Ecological Archives A015-009-A1

Toshinori Okuyama and Benjamin M. Bolker. 2005. Combining genetic and ecological data to estimate esa turtle origins. Ecological Applications 15:315–325.

Appendix A. The model specification and Markov Chain Monte Carlo.

The DAG description of the model is shown in Fig. A1. The covariate model is extended from the previous non-covariate model (Pella and Masuda 2001). The extended components of the model are described here (i.e., the gray nodes in Fig. A1).
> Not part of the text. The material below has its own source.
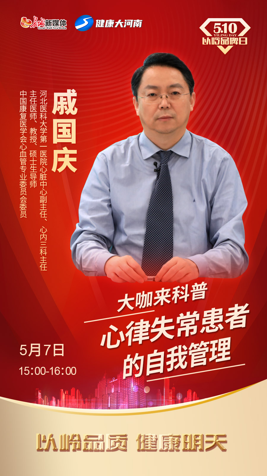 5月7日下午15點,以嶺藥業(yè)特邀河北醫(yī)科大學(xué)第一醫(yī)院心內(nèi)三科主任、主任醫(yī)師戚國慶教授,通過長城網(wǎng)、健康大河南直播《心律失常患者的自我管理》專題講座,為廣大網(wǎng)友科普心律失常的相關(guān)知識,教您科學(xué)預(yù)防和治療心律失常,及時發(fā)現(xiàn)和避開心律失常所帶來的危險,讓您生活健康更安心。
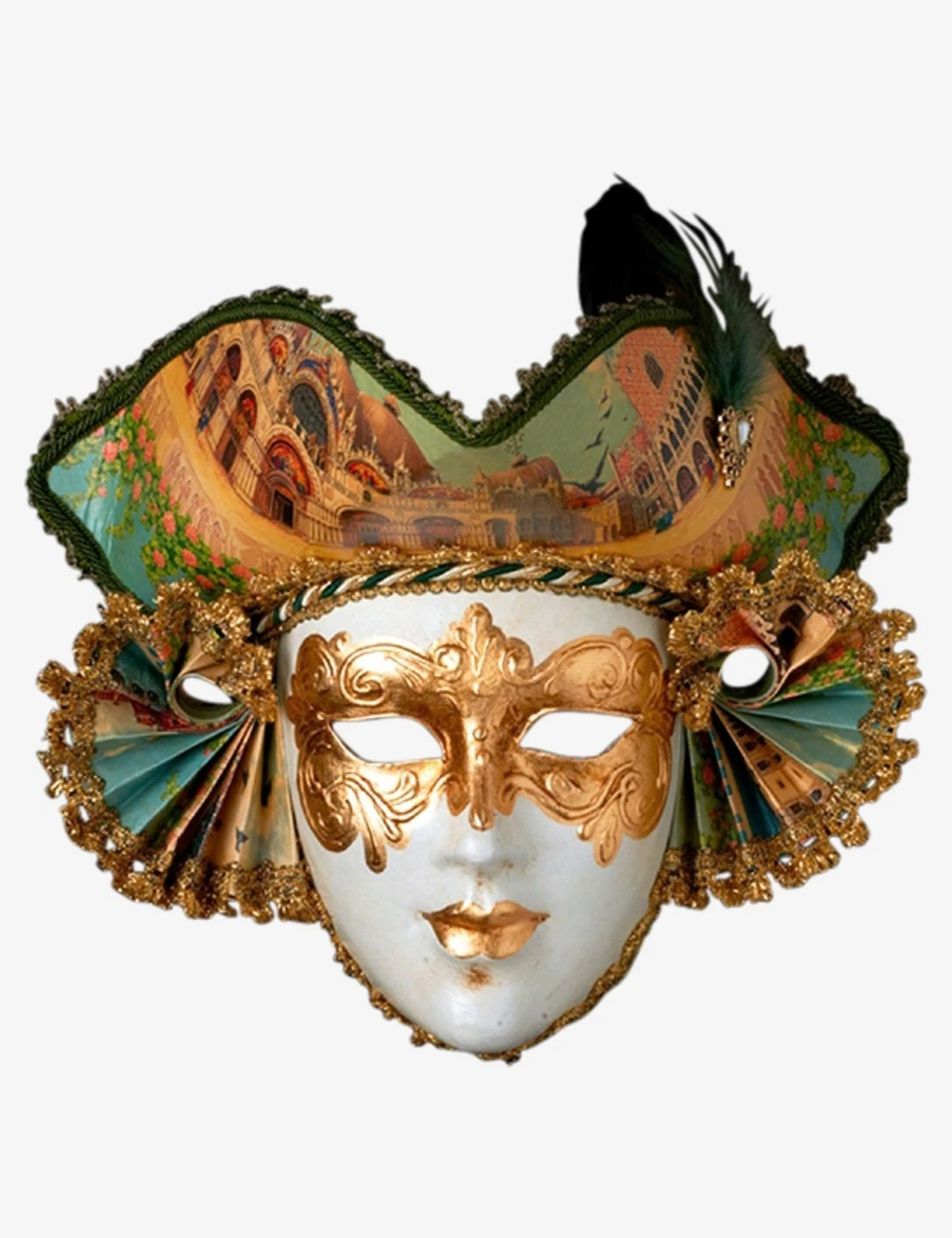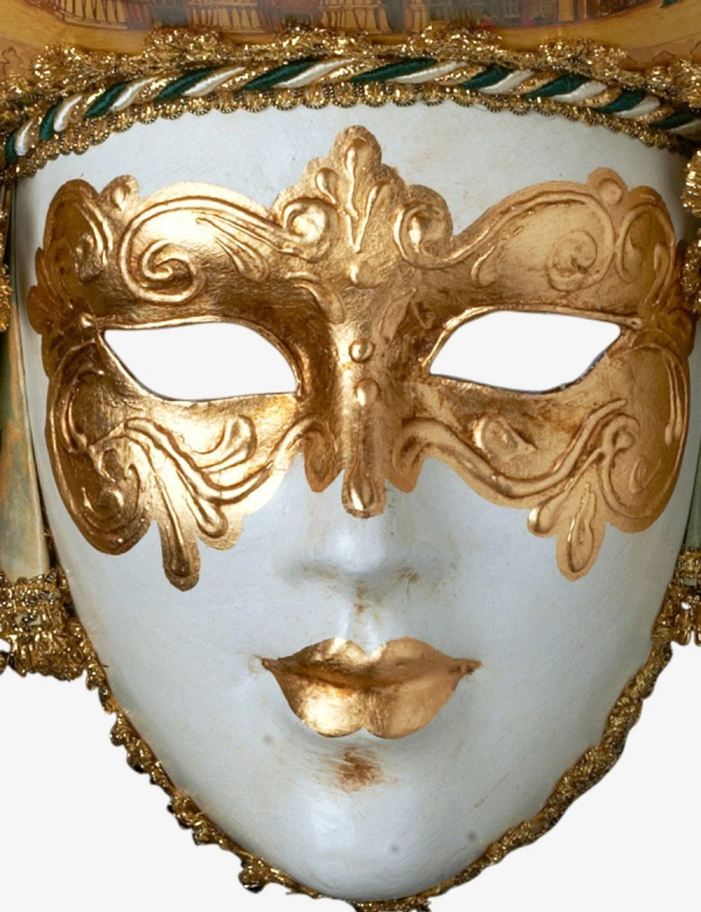 Casanova face Venice Card authentic venetian mask in papier mache. Handcrafted according to the original Venice carnival tradition. Manufactured in Venice by the famous venetian masters. Each item is provided with certificate of authenticity.

Let $ G$ (indexed by $ k$) denote the number of gyres. There are $ R_{k}$ rookeries in the $ k$th gyre. The size of rookeries in the $ k$th gyre is described by vector $ \textbf{n}_{k}=(n_{1k},\ldots,n_{R_{k}k})$. $ \textbf{p}=(p_{1},\ldots,p_{G})$ is the contribution vector for gyres (i.e., the rookery contributions of $ k$th gyre sum to $ p_{k}$). Let $ \bm{\theta}$ be the mixed stock contributions such that $ \bm{\theta_{k}}=(\theta_{1k},\ldots,\theta_{R_{k}k})$ is the contribution vector for $ k$th gyre;

$\displaystyle \bm{\theta}=(p_{1}\bm{\theta}_{1},p_{2}~\bm{\theta}_{2},\cdots,p_{G}\bm{\theta}_{G})\\ $    

where $ \bm{\theta}_{i}=\textrm{alr}^{-1}(\bm{\xi}_{i})$. Which follows

$\displaystyle \textrm{alr}(\bm{\theta}_{k}) \sim \textrm{Normal}(a_{0k}+a_{1k}\textrm{alr}(\textbf{n}_{k}),\textbf{M}_{k})$    

where $ a_{0k}$ and $ a_{1k}$ are the intercept and slope parameters for the $ k$th gyre. $ \textbf{M}_{k}$ is a variance covariance matrix for the $ k$th gyre. When performing the additive log ratio (alr) transform, the smallest rookery was taken as the base: i.e., the rookeries were sorted in decreasing order of size, so that the denominator in equation 2 was the smallest rookery size. The prior distribution of the slope parameter was restricted to be nonnegative; $ a_{1k}\sim \textrm{Normal}(0,1)I_{[\geq 0]}$. This incorporates our opinion that rookery size and true rookery contribution might be uncorrelated, but would not be negatively correlated. The other priors were set as follows: $ a_{0k}\sim
\textrm{Normal}(0,1)$, $ \sigma_{k}^{2} \sim \textrm{Gamma}(1,1)$ where $ \sigma_{k}^{2}$ are the diagonal elements of the diagonal covariance matrix $ \textbf{M}_{k}$. These priors have expected values equivalent to the non-covariate model, so that in cases where the data are uninformative about the relationship between rookery size and rookery contribution the model will behave like the non-covariate model. For example, in the simulations presented in this paper, the parameter $ a_{1k}$ (slope of the relationship between rookery size and rookery contribution in gyre $ k$) had a posterior distribution concentrated around the true slope for the additive-log-ratio transformed sizes and contributions. As $ \rho$, the correlation between the non-transformed sizes and contributions, decreased toward zero, $ a_{1k}$ decreased toward zero (equivalent to the non-covariate model) as well. The hyperparameters $ \bm{\beta}$ (parameters for the distribution of rookery haplotypes) were determined by using the pseudo-Bayes method (Pella and Masuda 2001). We used a Dirichlet prior for the gyre contribution, $ \textbf{p}\sim\textrm{Dirichlet}(\mathbf{\alpha})$ where $ \bm{\alpha}=(\alpha_{1},\ldots,\alpha_{G})$. We set $ \alpha_{k}=R_{k}/R$ which corresponds to distributing equal weight to each rookery, and assuming an amount of prior information equivalent to sampling a single individual (a weak prior).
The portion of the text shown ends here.